TASK DIRECTIONS:
In the records below, find the line containing "Iron Annie Flight" and the line containing "車検・整備 終了した スバル"; please repeat exactly the lines from one to the other, both included, and nothing more.

RECORDS TO USE:
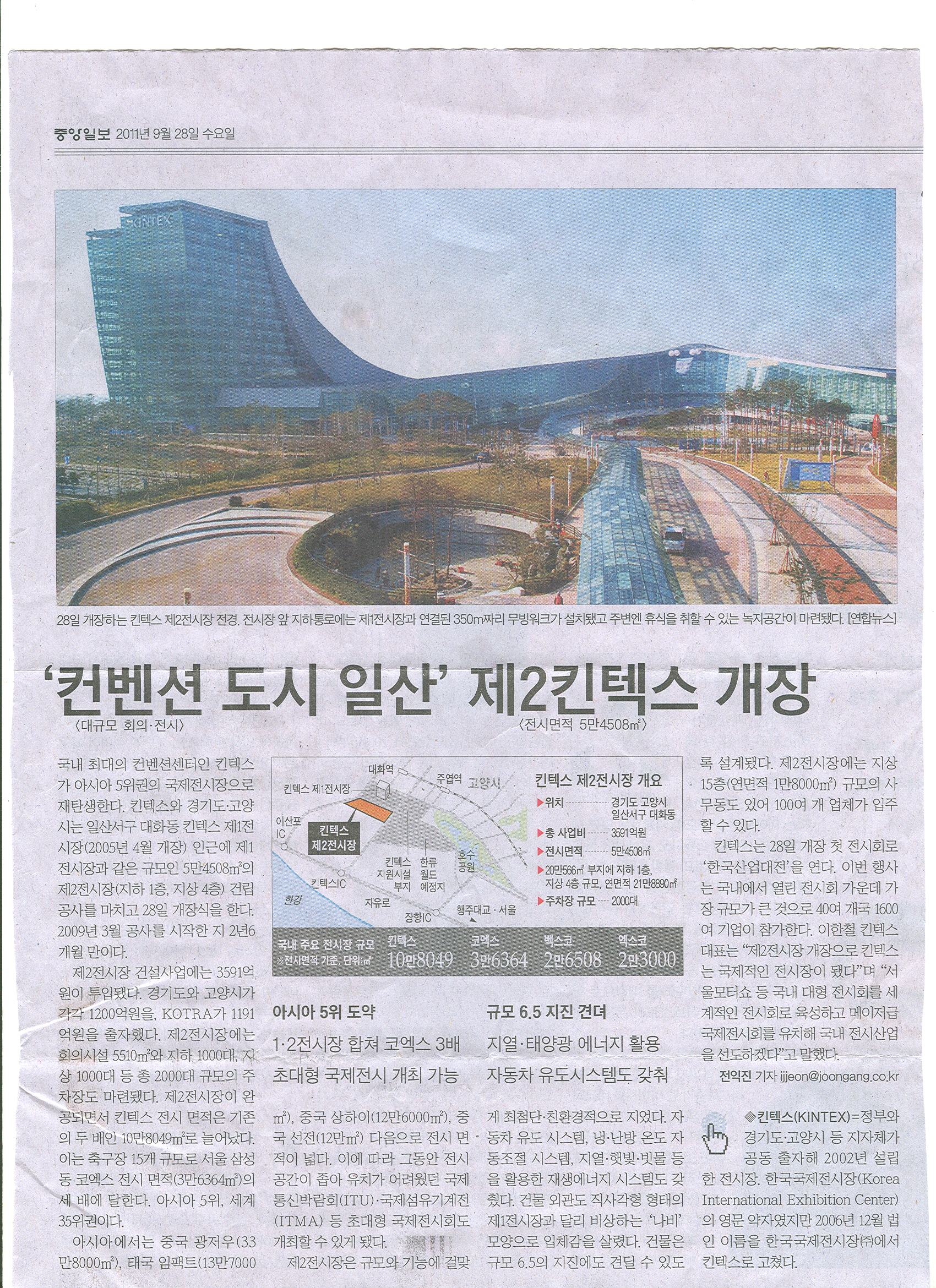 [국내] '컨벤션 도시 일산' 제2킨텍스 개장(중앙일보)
...
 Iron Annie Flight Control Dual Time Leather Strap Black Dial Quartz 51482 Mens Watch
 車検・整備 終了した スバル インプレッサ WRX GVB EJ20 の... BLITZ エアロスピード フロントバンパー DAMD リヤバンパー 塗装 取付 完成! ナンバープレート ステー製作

TASK ANSWER:
 Iron Annie Flight Control Dual Time Leather Strap Black Dial Quartz 51482 Mens Watch
 車検・整備 終了した スバル インプレッサ WRX GVB EJ20 の... BLITZ エアロスピード フロントバンパー DAMD リヤバンパー 塗装 取付 完成! ナンバープレート ステー製作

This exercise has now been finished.